KEY RESPONSIBILITIES:

  • Performance Optimization: Collaborate with hardware and software teams to enhance the overall performance of GPU clusters, focusing on aspects such as RDMA throughput, latency, and collective communications.
  • Benchmarking and Analysis: Develop and execute comprehensive benchmarking strategies to assess baseline performance, analyze bottlenecks, and identify areas for improvement within GPU cluster environments.
  • Scalability Testing: Evaluate the scalability of GPU clusters by conducting thorough testing under various workloads, ensuring optimal performance across different cluster sizes, configurations, and networking technologies (IB & RoCE)
  • Performance Profiling: Utilize profiling tools and methodologies to analyze and identify performance bottlenecks, providing actionable insights for improvement.
  • Performance Tuning: Implement optimization strategies, including but not limited to protocol enhancements, load balancing techniques, and parallel processing optimizations.
  • Documentation: Create detailed documentation of performance analysis, tuning efforts, and outcomes, providing clear and concise reports for internal teams and stakeholders.
  • Collaboration: Work closely with cross-functional teams, including hardware engineers, software developers, and system architects, to integrate performance improvements into the GPU cluster architecture.
  • Continuous Learning: Stay current with the latest developments in GPU architectures, parallel processing, and emerging technologies to drive continuous improvement in GPU cluster performance.

PREFERRED EXPERIENCE:

  • Proven experience in optimizing the performance of GPU clusters.
  • Strong understanding of GPU architectures, parallel computing concepts, and network protocols.
  • Proficiency in scripting languages (e.g., Python, Bash) for automation and performance analysis.
  • Experience with system level performance analysis tools and methodologies for GPU clusters.
  • Analytical mindset with excellent problem-solving and debug skills.
  • Familiarity with cluster management tools and systems.
  • Excellent communication and collaboration skills for effective teamwork.
  • RDMA network configuration, troubleshooting and performance tuning.
  • Linux kernel networking expertise
  • Machine learning and/or HPC system design

ACADEMIC CREDENTIALS:?

Bachelors or Masters degree in computer science or equivalent experience


#LI-RW1

#LI-HYBRID

Qualifications:

At AMD, your base pay is one part of your total rewards package.
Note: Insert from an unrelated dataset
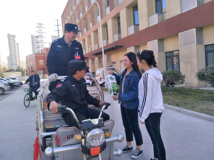 活动前期,工作人员认真执行各自的任务:采购物品、搭建帐篷、布置场地、联系废品回收等等。活动期间,工作人员十分热情的为前来参与活动的同学进行讲解,还给来参加活动的同学赠送了十分有意义的明信片、书签等纪念品。随后,工作人员将同学们捐赠的废旧物品卖给废品回收后,购买了卫生纸和塑胶手套等生活用品送给宿舍的阿姨和学校保卫处的叔叔以及环卫工人。最后,工作人员和校保卫处员工进行了短暂的交流,送上了对他们的问候和关心。
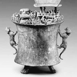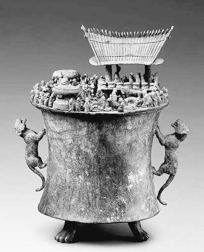 滇国青铜器更进一步,加入写实和生活化元素,以“一器一事”的方式呈现。比如“西汉诅盟场面铜贮贝器”,在直径仅32厘米的贮贝器盖上,焊铸立体人物127人(未计残缺者),精描了滇王杀祭诅盟典礼:吊脚楼下,主祭人坐高台上,身边置多面铜鼓,台下杀牛马豕羊,杂役多人,待刑的裸体男子在主祭身后,旁有多个持器女性……

Your base pay will depend on where your skills, qualifications, experience, and location fit into the hiring range for the position. You may be eligible for incentives based upon your role such as either an annual bonus or sales incentive. Many AMD employees have the opportunity to own shares of AMD stock, as well as a discount when purchasing AMD stock if voluntarily participating in AMDs Employee Stock Purchase Plan. Youll also be eligible for competitive benefits described in more detail here.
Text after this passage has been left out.